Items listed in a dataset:

■ ■ ■ ■ ■ ■ ■

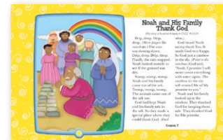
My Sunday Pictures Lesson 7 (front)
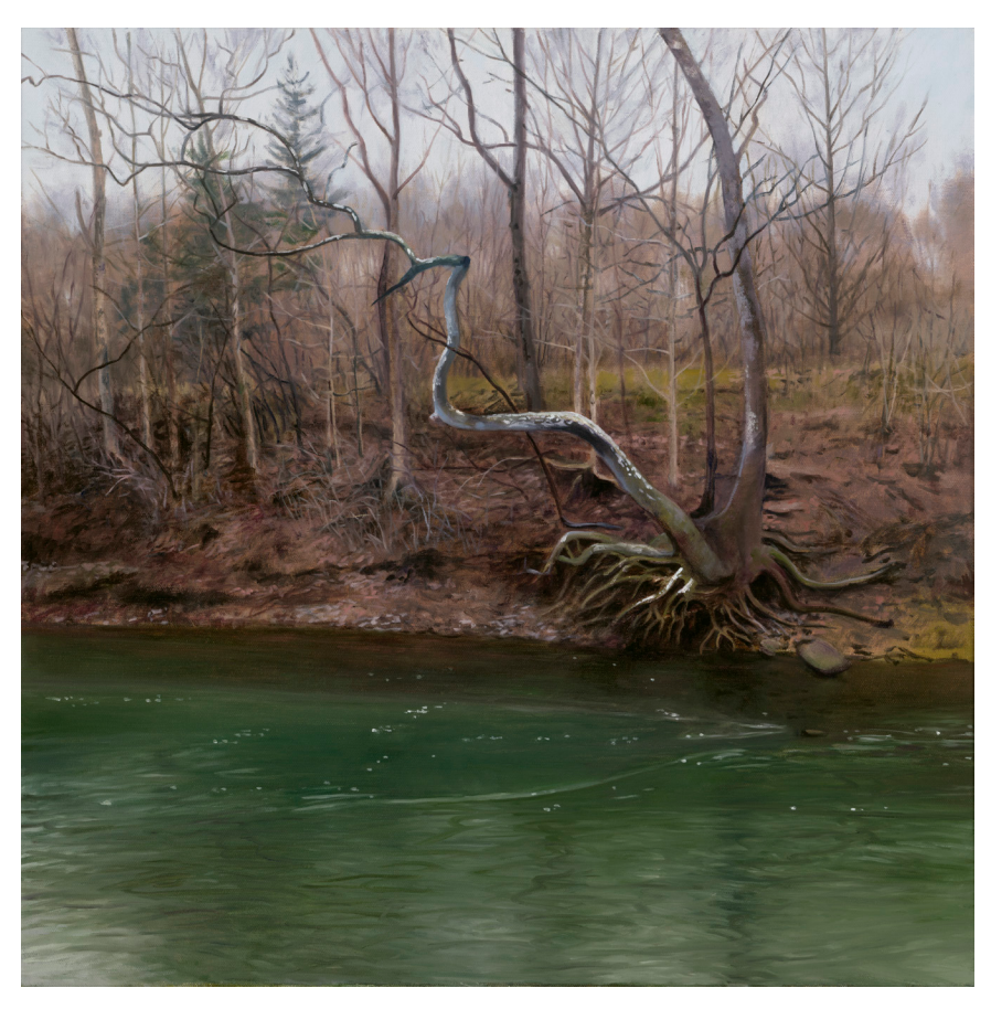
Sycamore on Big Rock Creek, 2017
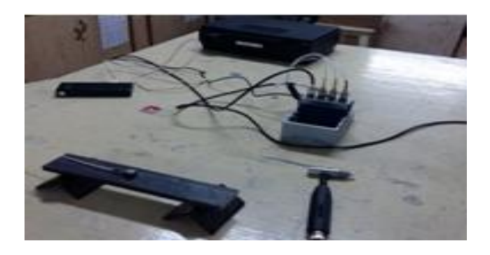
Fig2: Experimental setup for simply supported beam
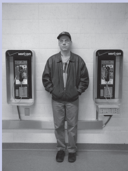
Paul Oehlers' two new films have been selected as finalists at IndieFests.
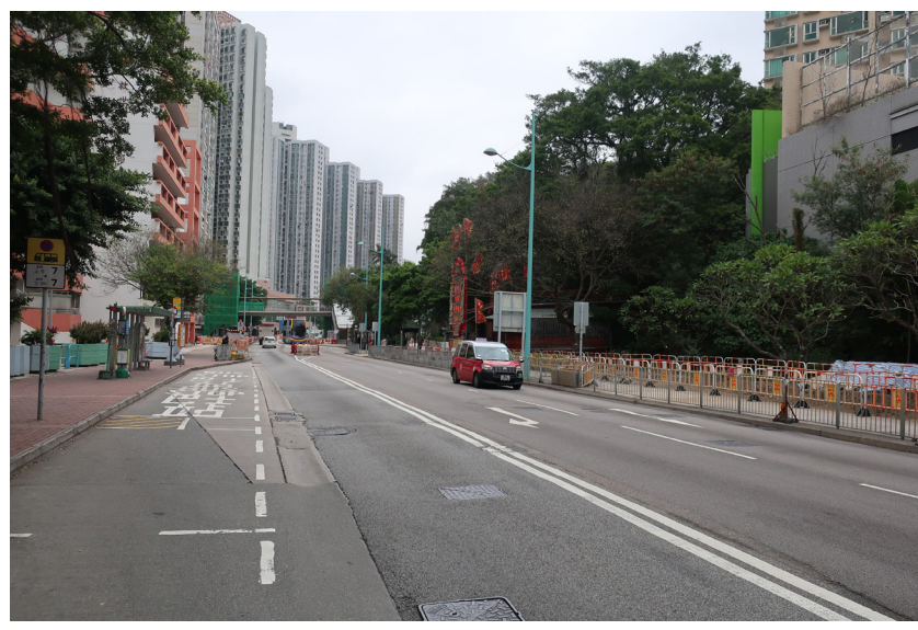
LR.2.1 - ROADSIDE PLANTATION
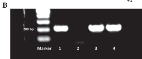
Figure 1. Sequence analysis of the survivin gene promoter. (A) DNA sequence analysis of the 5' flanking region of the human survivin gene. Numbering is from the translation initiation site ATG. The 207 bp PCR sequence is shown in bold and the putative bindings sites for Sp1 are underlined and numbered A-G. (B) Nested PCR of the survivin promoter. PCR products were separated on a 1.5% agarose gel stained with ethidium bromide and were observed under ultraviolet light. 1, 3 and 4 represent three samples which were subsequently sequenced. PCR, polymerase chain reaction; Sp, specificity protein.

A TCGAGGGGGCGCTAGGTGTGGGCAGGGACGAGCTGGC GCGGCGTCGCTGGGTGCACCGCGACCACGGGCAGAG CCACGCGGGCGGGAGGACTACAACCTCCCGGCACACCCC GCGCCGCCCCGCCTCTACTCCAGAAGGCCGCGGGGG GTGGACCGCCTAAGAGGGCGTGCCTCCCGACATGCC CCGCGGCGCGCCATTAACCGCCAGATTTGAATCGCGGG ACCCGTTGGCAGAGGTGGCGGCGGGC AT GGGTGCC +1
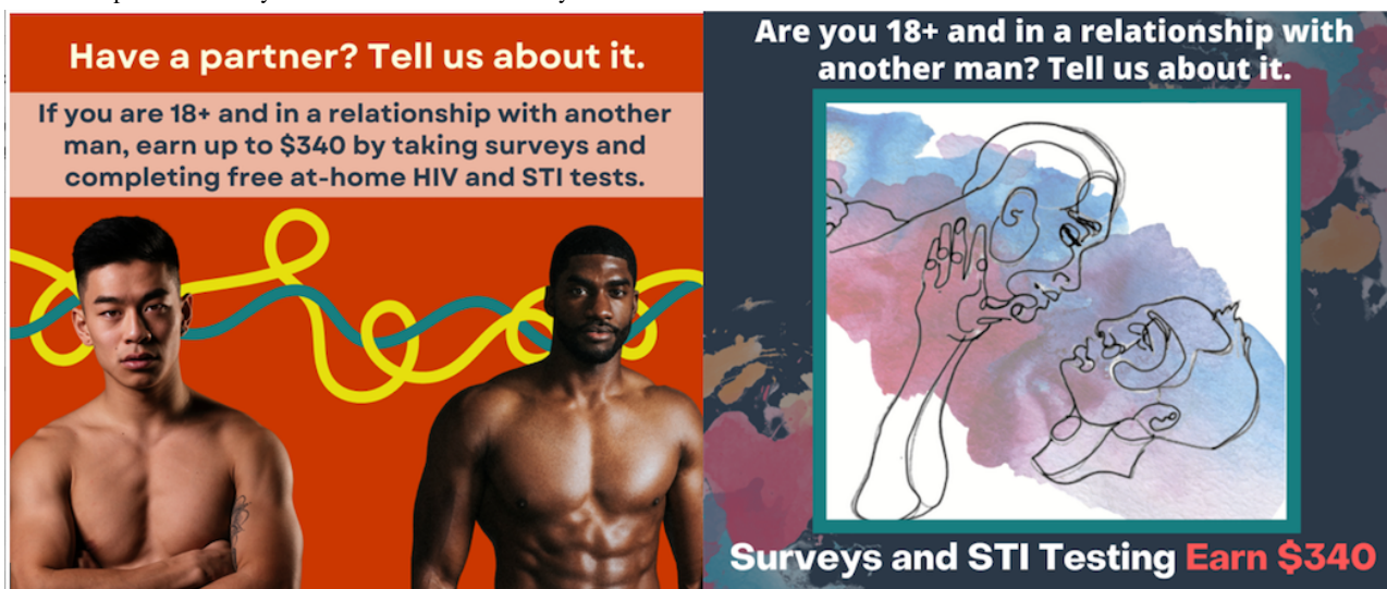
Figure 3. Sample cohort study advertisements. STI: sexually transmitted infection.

■ ■ ■ ■ ■ ■ ■

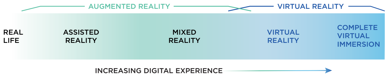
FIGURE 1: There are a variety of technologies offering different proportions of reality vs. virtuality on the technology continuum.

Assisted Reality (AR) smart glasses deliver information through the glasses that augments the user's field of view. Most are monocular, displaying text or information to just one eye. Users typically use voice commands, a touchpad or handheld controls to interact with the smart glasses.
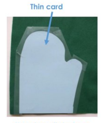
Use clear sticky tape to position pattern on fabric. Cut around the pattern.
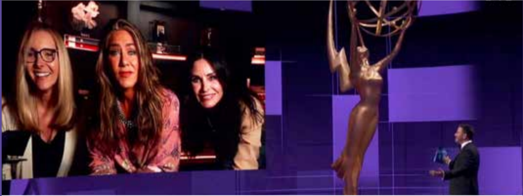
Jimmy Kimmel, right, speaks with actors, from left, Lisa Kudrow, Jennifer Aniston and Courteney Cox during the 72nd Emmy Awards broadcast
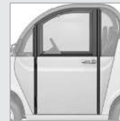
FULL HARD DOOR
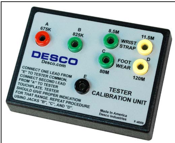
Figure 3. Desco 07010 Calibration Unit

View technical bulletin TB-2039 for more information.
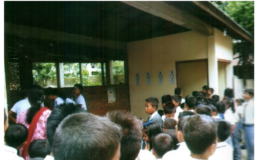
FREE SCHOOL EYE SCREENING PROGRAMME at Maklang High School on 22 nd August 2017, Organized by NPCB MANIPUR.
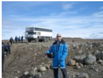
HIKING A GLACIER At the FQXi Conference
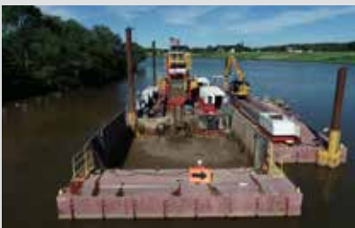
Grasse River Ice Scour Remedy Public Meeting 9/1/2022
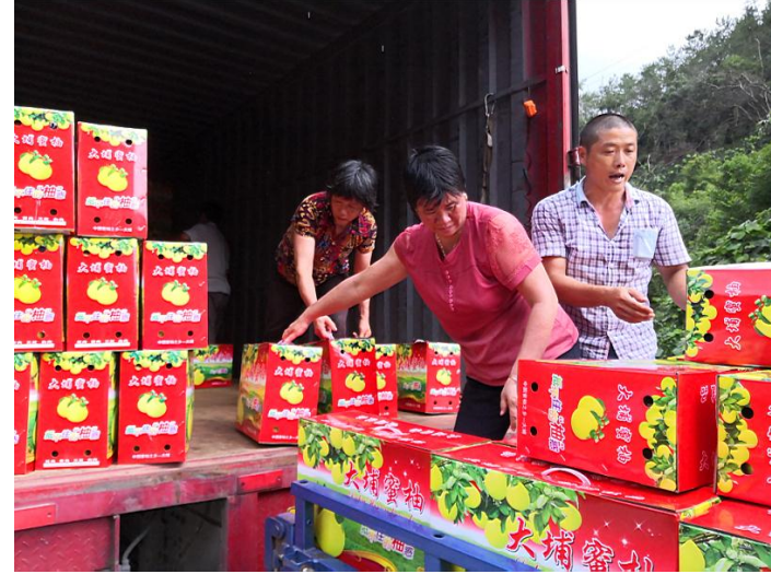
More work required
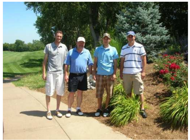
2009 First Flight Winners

■ ■ ■ ■ ■ ■ ■

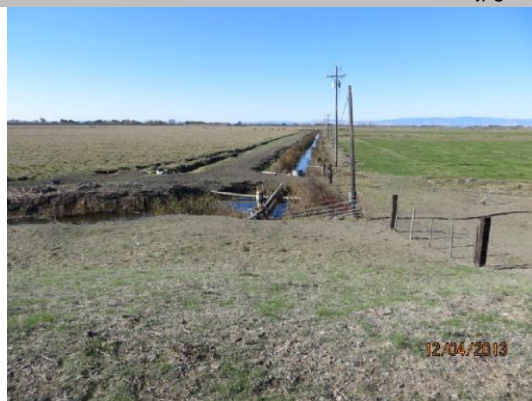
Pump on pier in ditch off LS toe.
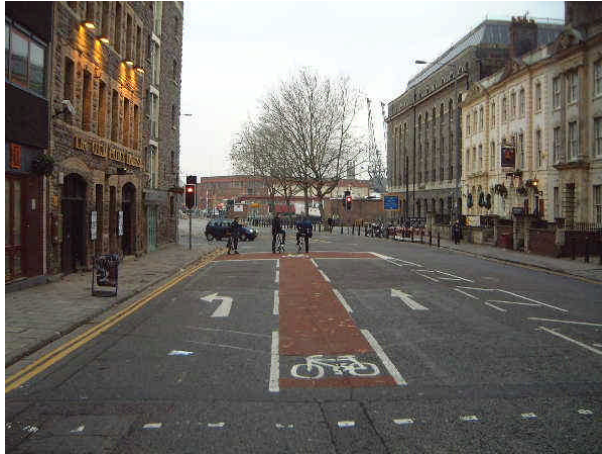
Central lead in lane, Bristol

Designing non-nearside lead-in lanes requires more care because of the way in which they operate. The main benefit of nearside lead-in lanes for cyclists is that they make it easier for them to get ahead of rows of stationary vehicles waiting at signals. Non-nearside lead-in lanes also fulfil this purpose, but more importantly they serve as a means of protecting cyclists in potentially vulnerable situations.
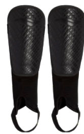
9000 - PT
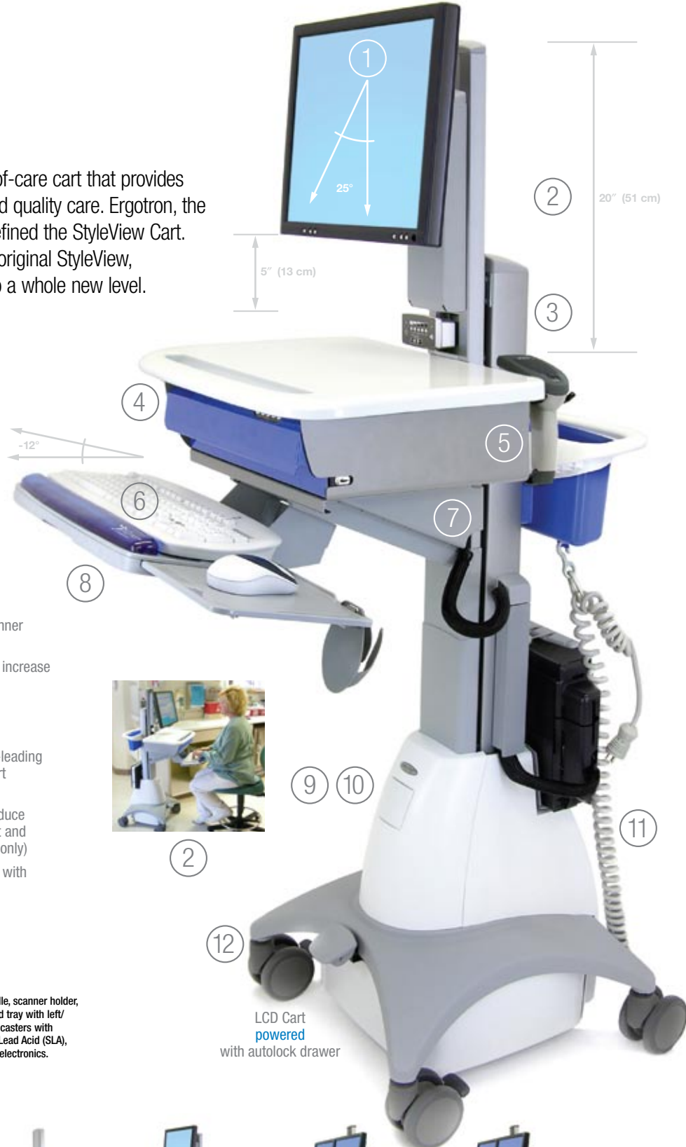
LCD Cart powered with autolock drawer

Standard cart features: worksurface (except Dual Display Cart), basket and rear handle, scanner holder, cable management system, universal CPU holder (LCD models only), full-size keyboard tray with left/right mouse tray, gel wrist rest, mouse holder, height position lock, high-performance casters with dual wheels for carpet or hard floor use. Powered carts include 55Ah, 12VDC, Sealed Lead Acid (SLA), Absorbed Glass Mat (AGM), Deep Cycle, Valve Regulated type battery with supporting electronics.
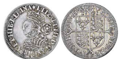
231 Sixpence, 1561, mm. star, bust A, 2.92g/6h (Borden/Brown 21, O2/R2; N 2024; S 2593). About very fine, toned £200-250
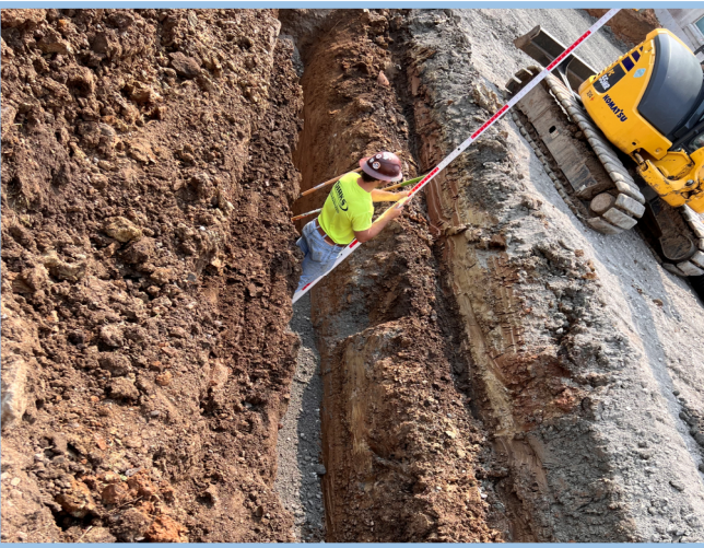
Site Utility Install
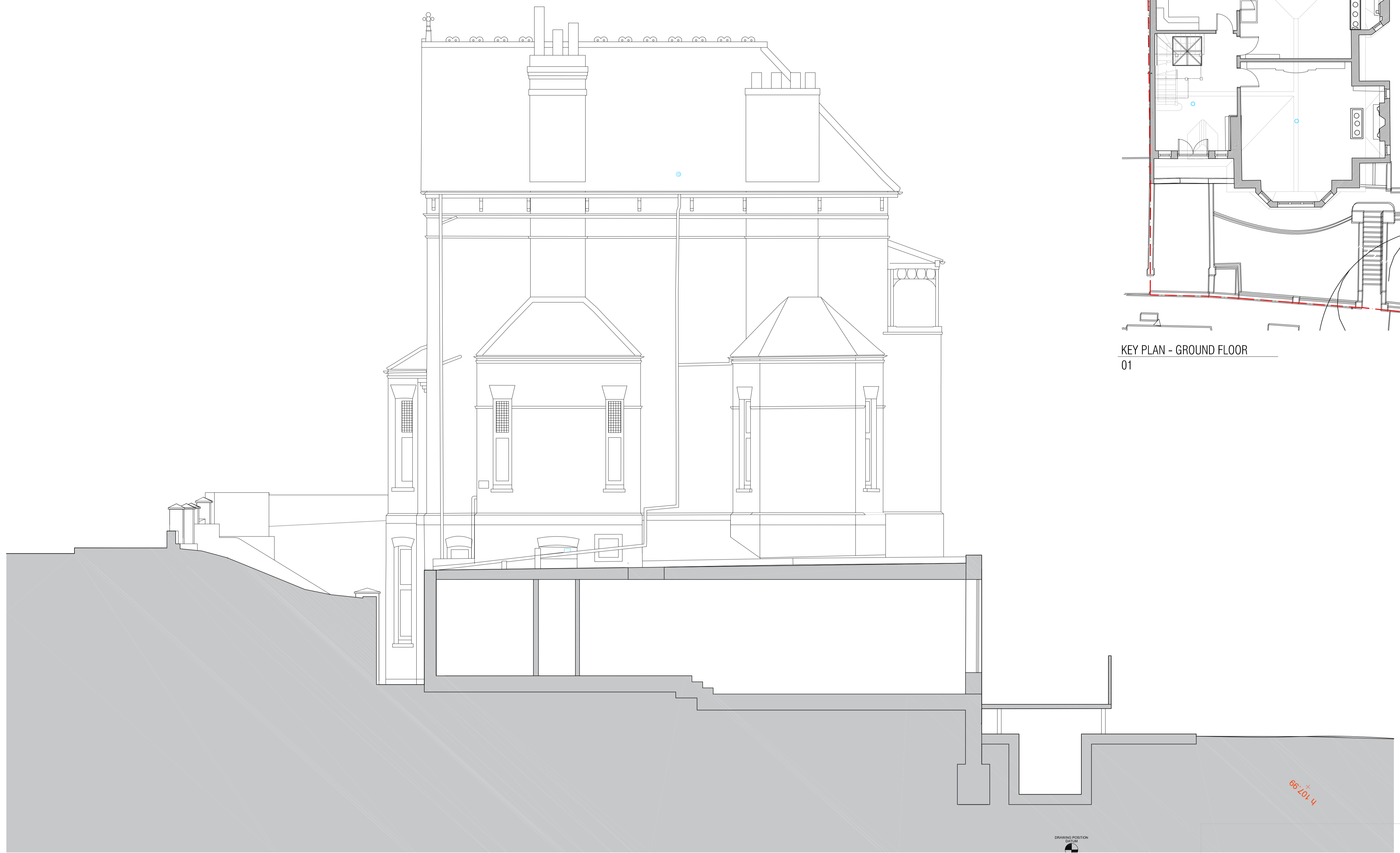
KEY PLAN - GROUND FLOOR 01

■ ■ ■ ■ ■ ■ ■

When a line in the data above contains the string "information", copy that line.

=== TASK RESPONSE ===
Assisted Reality (AR) smart glasses deliver information through the glasses that augments the user's field of view. Most are monocular, displaying text or information to just one eye. Users typically use voice commands, a touchpad or handheld controls to interact with the smart glasses.
View technical bulletin TB-2039 for more information.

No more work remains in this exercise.